The bulk of civil cases in Magistrates’ Courts relate to recovery of premises proceedings and connected matters. Unfortunately, majority of decisions on these cases are not tested on appeal due to poverty resulting in inability to fund appeal processes or a sheer unwillingness on the part of litigants to appeal. A few of these cases that proceeded beyond the Magistrates’ Courts level terminate at the High Court, except few that involve highly placed individuals or multinational corporations who have the resources to finance appeal processes at the Court of Appeal.
The result is that cases of recovery of premises decided at the Court of Appeal and Supreme Court are few compared to the number instituted at the Magistrates’ Courts and High Courts. Unfortunately, cases which strictly deal with recovery of premises, when commenced at the lower courts are transformed into a hybrid of recovery of premises and other issues by the time decided on appeal at the Court of Appeal or Supreme Court.

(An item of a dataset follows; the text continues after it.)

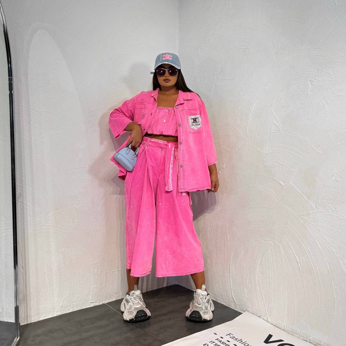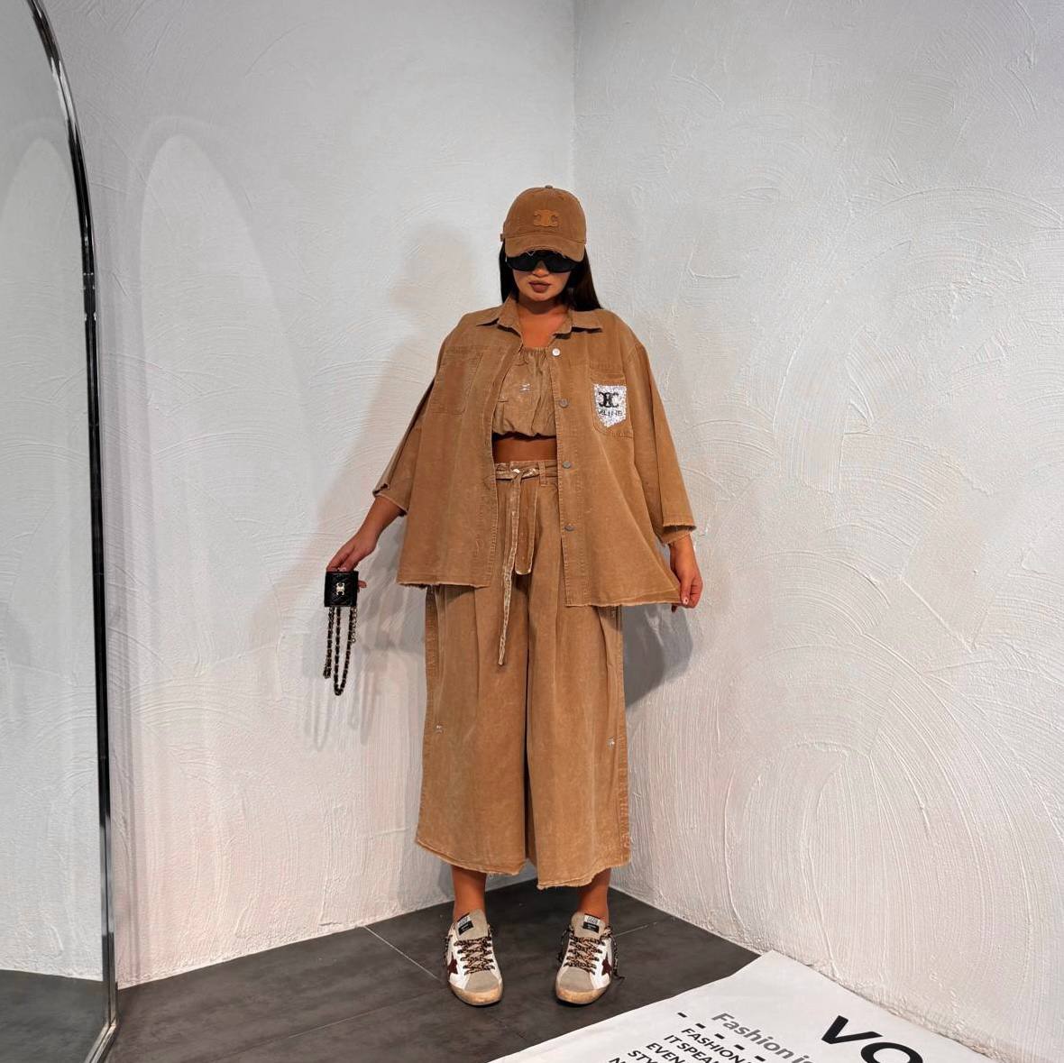 پارچه کتان سنگشور: ست کراپ شومیز شلوار

See Elochin Nig Ltd and Anor V. Mbadiwe which was instituted at the Lagos High Court for unlawful ejectment, for not complying with the procedures of the Recovery of Premises Law. By the time it got to the Supreme Court a substantial part of the judgment was based on principles guiding award of exemplary damages. Against this background, decisions of the High Courts on recovery of premises cannot be entirely ignored for any meaningful discussion on this subject matter.
The Supreme Court has over the years adopted and applied some of these lower court decisions on landlord and tenant in its contemporary decisions; See Pan Asian African Co. Ltd V. National Insurance Corporation (Nig) Ltd (1982)9 S.C. 1. Where the Supreme Court adopted and approved Akinosho v. Enigbokan & Anor (1955) I All N.L.R. 257, and Dawodu v. Ijale (1946) 12 W.A.C.A 12, in formulating the principles of statutory tenancy. In fact, Chief F.R.A. Williams (SAN) unsuccessfully urged the Supreme Court to overrule Dawodu v. ljale (supra) and Sobamowo v. The Federal Public Trustee (supra). The Supreme Court refused and reaffirmed the principles established in these lower courts’ decisions.
In line with this objective, the book is divided into ten chapters. Each chapter consists of comments, reported cases and summary. The cases fully reported are foundation cases that are considered relevant. But where there are any changes, such are reflected in the comments. For instance, the principles established in Oku V. Awanah (1961) All N.L.R. 116, on joinder of causes of action have been overruled by the Court of Appeal in Adejumo v. Hughes & Co. Ltd. (1989) 5 NWLR (Pt. 120) 146. The current thinking is that joinder of causes of action is to be regulated by the rules of court rather than solely by the provisions of the Recovery of Premises Statutes. Therefore the essence of the comments is to update principles of recovery of premises and bring them into proper focus.